# Dataset excerpts:
........

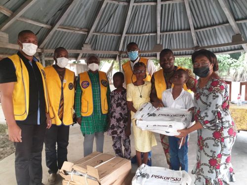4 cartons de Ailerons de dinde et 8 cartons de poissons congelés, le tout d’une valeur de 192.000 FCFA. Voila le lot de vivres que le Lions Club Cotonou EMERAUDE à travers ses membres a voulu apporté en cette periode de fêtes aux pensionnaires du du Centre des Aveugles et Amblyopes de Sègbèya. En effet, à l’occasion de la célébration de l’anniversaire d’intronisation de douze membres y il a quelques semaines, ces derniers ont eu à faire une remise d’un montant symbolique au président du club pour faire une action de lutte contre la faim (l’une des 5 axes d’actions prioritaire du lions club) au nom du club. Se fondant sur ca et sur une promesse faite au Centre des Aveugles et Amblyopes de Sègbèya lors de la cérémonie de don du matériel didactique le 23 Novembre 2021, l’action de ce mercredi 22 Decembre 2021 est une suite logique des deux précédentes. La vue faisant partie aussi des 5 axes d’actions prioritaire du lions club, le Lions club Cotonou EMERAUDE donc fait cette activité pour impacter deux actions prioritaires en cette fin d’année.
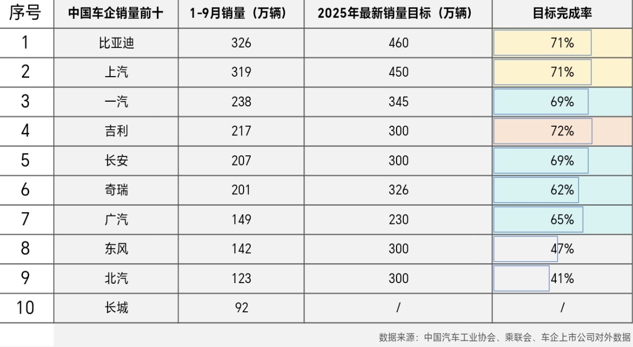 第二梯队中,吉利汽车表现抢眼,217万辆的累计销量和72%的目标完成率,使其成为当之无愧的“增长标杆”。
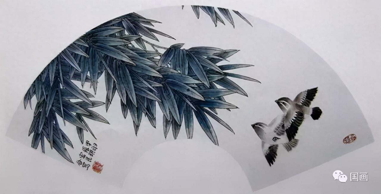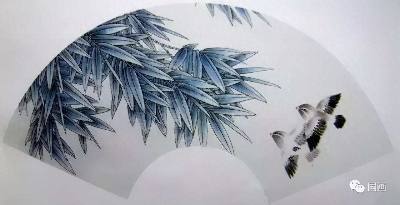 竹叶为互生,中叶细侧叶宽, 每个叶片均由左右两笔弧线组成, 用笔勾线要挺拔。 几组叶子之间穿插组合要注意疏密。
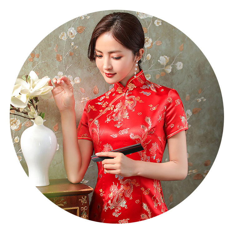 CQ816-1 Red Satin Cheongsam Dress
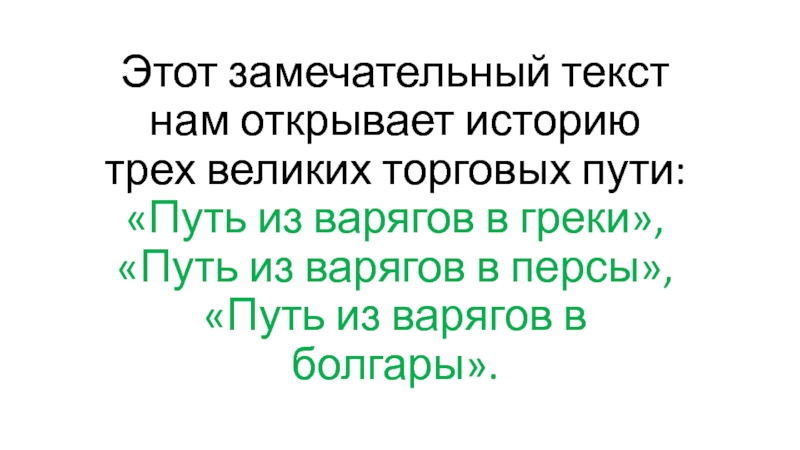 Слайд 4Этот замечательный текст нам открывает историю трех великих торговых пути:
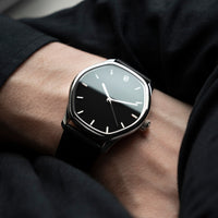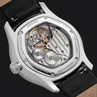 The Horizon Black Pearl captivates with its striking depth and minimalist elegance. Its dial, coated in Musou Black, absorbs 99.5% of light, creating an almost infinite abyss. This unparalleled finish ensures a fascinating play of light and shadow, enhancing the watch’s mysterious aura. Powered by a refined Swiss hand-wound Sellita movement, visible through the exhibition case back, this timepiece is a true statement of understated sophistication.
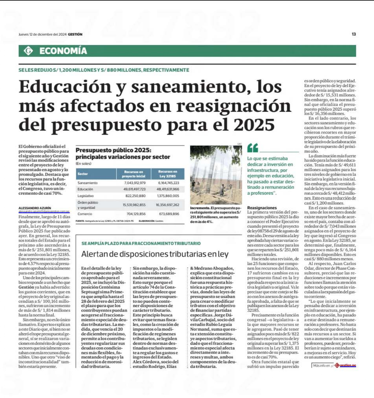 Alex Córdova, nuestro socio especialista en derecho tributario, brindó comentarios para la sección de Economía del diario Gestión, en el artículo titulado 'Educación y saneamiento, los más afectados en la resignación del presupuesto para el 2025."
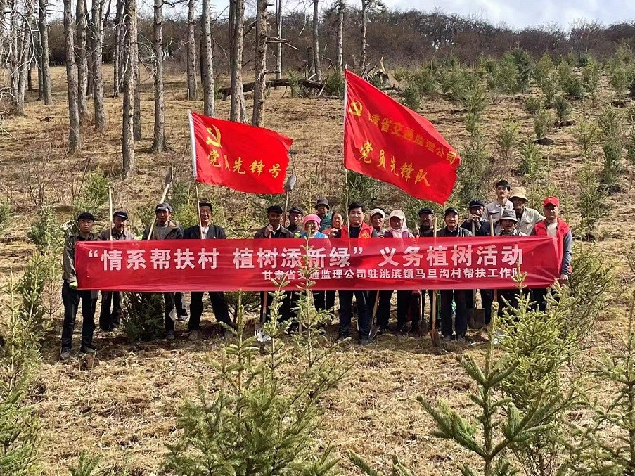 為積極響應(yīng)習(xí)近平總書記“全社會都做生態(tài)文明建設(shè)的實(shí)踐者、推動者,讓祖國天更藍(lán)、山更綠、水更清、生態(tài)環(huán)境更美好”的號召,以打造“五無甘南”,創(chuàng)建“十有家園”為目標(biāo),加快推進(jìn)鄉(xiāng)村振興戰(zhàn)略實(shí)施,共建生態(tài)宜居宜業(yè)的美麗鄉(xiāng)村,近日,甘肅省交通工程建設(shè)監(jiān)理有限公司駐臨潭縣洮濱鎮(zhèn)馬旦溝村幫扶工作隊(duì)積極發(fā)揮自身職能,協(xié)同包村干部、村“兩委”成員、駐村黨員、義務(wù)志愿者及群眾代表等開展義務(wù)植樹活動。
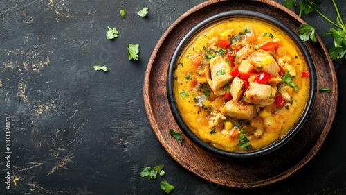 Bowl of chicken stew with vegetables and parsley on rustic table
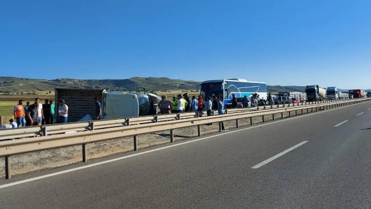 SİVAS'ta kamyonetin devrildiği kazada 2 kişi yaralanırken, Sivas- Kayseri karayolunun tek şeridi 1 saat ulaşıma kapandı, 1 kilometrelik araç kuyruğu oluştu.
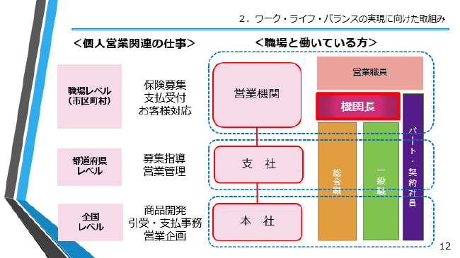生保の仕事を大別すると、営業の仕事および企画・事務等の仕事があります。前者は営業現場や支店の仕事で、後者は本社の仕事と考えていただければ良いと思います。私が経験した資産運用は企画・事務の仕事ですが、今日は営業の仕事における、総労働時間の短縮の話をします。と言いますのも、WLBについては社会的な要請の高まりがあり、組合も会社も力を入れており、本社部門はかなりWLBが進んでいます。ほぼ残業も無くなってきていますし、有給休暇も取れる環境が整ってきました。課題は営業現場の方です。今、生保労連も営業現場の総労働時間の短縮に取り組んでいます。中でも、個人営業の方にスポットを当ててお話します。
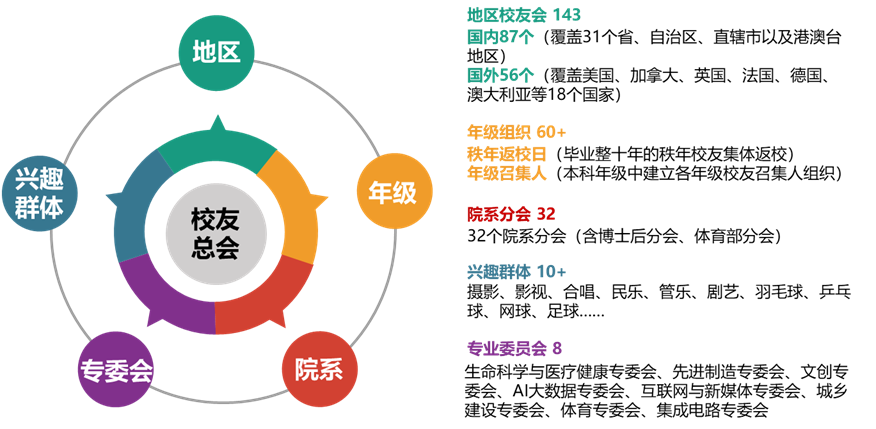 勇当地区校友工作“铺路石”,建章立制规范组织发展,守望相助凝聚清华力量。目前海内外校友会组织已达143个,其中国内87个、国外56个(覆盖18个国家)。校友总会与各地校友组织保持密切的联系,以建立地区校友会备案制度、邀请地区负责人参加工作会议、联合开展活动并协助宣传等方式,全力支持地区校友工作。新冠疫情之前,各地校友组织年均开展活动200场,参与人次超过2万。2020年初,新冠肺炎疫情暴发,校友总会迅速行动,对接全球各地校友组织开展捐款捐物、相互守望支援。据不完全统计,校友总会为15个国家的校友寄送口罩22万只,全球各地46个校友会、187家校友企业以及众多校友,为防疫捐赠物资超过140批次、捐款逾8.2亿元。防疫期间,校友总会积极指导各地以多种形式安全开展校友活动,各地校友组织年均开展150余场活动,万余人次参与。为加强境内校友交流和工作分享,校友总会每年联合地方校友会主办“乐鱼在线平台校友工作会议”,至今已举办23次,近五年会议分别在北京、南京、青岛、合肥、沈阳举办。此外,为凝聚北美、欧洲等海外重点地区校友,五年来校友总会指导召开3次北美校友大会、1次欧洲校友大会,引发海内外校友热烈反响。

........

# Assigned task:
Your answer must be exactly the lines from the one containing "為積極響應(yīng)習(x" through the last line of the records above, both included, with every picture left out.

# Response for this exercise:
 為積極響應(yīng)習(xí)近平總書記“全社會都做生態(tài)文明建設(shè)的實(shí)踐者、推動者,讓祖國天更藍(lán)、山更綠、水更清、生態(tài)環(huán)境更美好”的號召,以打造“五無甘南”,創(chuàng)建“十有家園”為目標(biāo),加快推進(jìn)鄉(xiāng)村振興戰(zhàn)略實(shí)施,共建生態(tài)宜居宜業(yè)的美麗鄉(xiāng)村,近日,甘肅省交通工程建設(shè)監(jiān)理有限公司駐臨潭縣洮濱鎮(zhèn)馬旦溝村幫扶工作隊(duì)積極發(fā)揮自身職能,協(xié)同包村干部、村“兩委”成員、駐村黨員、義務(wù)志愿者及群眾代表等開展義務(wù)植樹活動。
 Bowl of chicken stew with vegetables and parsley on rustic table
 SİVAS'ta kamyonetin devrildiği kazada 2 kişi yaralanırken, Sivas- Kayseri karayolunun tek şeridi 1 saat ulaşıma kapandı, 1 kilometrelik araç kuyruğu oluştu.
生保の仕事を大別すると、営業の仕事および企画・事務等の仕事があります。前者は営業現場や支店の仕事で、後者は本社の仕事と考えていただければ良いと思います。私が経験した資産運用は企画・事務の仕事ですが、今日は営業の仕事における、総労働時間の短縮の話をします。と言いますのも、WLBについては社会的な要請の高まりがあり、組合も会社も力を入れており、本社部門はかなりWLBが進んでいます。ほぼ残業も無くなってきていますし、有給休暇も取れる環境が整ってきました。課題は営業現場の方です。今、生保労連も営業現場の総労働時間の短縮に取り組んでいます。中でも、個人営業の方にスポットを当ててお話します。
 勇当地区校友工作“铺路石”,建章立制规范组织发展,守望相助凝聚清华力量。目前海内外校友会组织已达143个,其中国内87个、国外56个(覆盖18个国家)。校友总会与各地校友组织保持密切的联系,以建立地区校友会备案制度、邀请地区负责人参加工作会议、联合开展活动并协助宣传等方式,全力支持地区校友工作。新冠疫情之前,各地校友组织年均开展活动200场,参与人次超过2万。2020年初,新冠肺炎疫情暴发,校友总会迅速行动,对接全球各地校友组织开展捐款捐物、相互守望支援。据不完全统计,校友总会为15个国家的校友寄送口罩22万只,全球各地46个校友会、187家校友企业以及众多校友,为防疫捐赠物资超过140批次、捐款逾8.2亿元。防疫期间,校友总会积极指导各地以多种形式安全开展校友活动,各地校友组织年均开展150余场活动,万余人次参与。为加强境内校友交流和工作分享,校友总会每年联合地方校友会主办“乐鱼在线平台校友工作会议”,至今已举办23次,近五年会议分别在北京、南京、青岛、合肥、沈阳举办。此外,为凝聚北美、欧洲等海外重点地区校友,五年来校友总会指导召开3次北美校友大会、1次欧洲校友大会,引发海内外校友热烈反响。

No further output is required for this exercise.